OpenAI’s ‘Whisper’ automatic speech-to-text model was rolled out in 2022. About a third of the audio dataset it was trained on consisted of non-English data, according to OpenAI. Meta’s ‘Llama’ text model powers the AI chatbots found in the company’s apps, including Facebook Messenger and WhatsApp.
Orange hopes that adapting these large language models will enhance access for “illiterate populations, who are currently unable to benefit from the potential of artificial intelligence.”
Alexander’s view
Orange’s project comes amidst rising interest in making AI tools available to African audiences. Multiple efforts are underway but it may not be an easy undertaking for a diverse continent in which more than 3,000 languages are spoken.
In August, South African startup Lelapa rolled out a multilingual large language model. The company’s InkubaLM is designed to translate and transcribe African languages, beginning with Swahili, Yoruba, IsiXhosa, Hausa, and isiZulu. Kenya-based Jacaranda Health, which is tailored towards caring for expectant mothers, also recently updated its LLM in the same languages. Five years ago, two Nigerian software developers made an original attempt at creating a model that translated pidgin English spoken in the country.
In Africa, telecom companies are among the largest companies and maybe the largest platforms through which consumers interact with each other, making them effective vehicles for mainstreaming AI use. Orange’s announcement that this project is aimed at improving customer satisfaction clearly shows there is a financial incentive for the undertaking. But there is a potentially wider social benefit in their intention to freely license the models for public health and education.

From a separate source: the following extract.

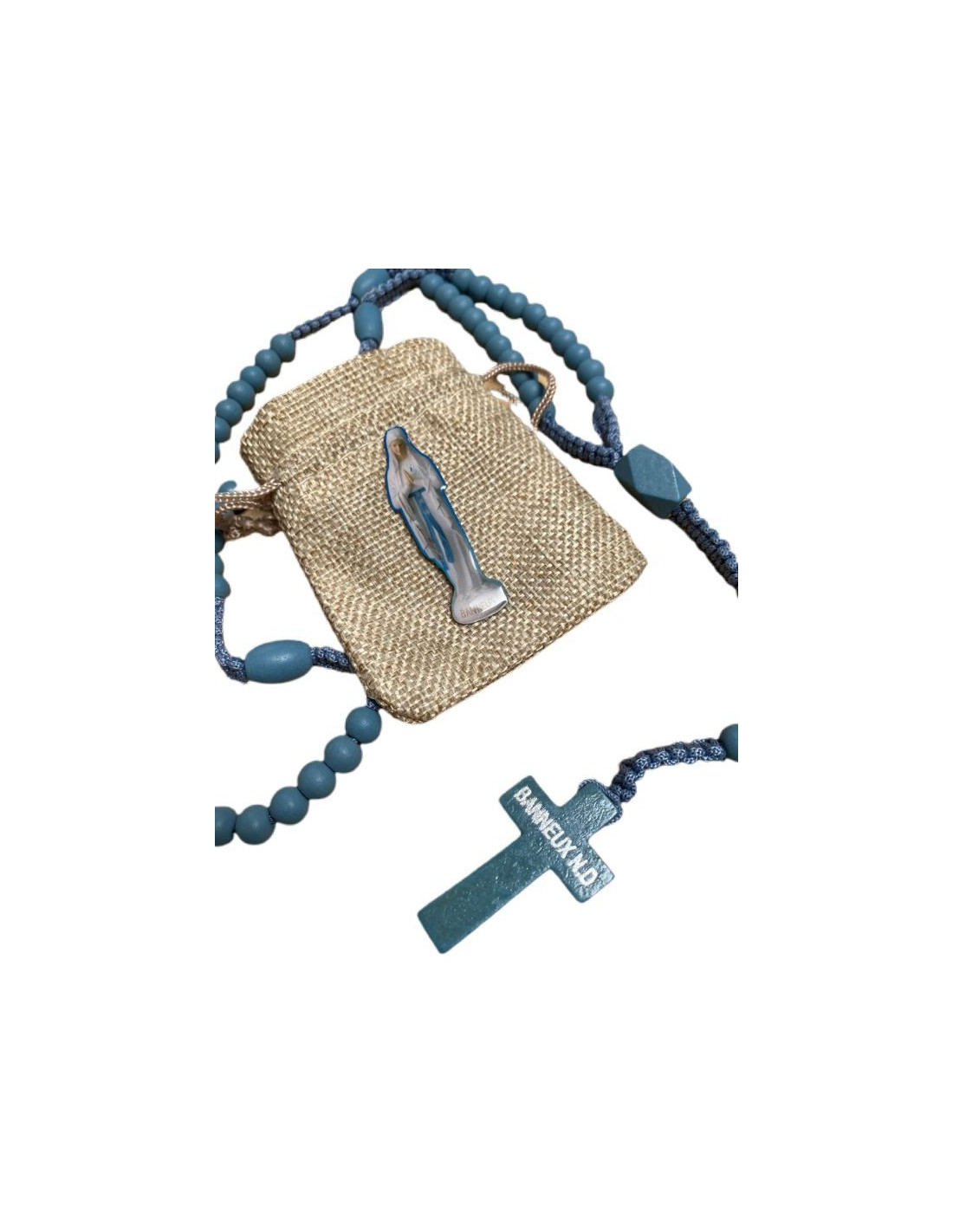 Unser Bestseller! Dieser Rosenkranz aus Banneux wurde vollständig von Hand in der Makramee-Technik hergestellt. Das Holz und der Faden sind in einem sanften Türkisblau gehalten. Der Rosenkranz wird mit einem Täschchen und einem Pin der Jungfrau der Armen geliefert.

Africa’s biggest AI success story so far is a commercial one, following last year’s $680 million acquisition of Tunisian AI startup InstaDeep by German company BioNTech. Maybe Orange’s LLM project will be a major step towards creating “a blueprint for how AI can be used to benefit those currently excluded,” as the company says.
Room for Disagreement
Orange has not disclosed its planned approach to a crucial aspect of creating an LLM — how it will collect the volumes of African language data required to train the new models.
OpenAI’s use of Kenyan contractors to train ChatGPT, its flagship product, has become infamous for what workers have described as exploitative, low pay work that was often toxic.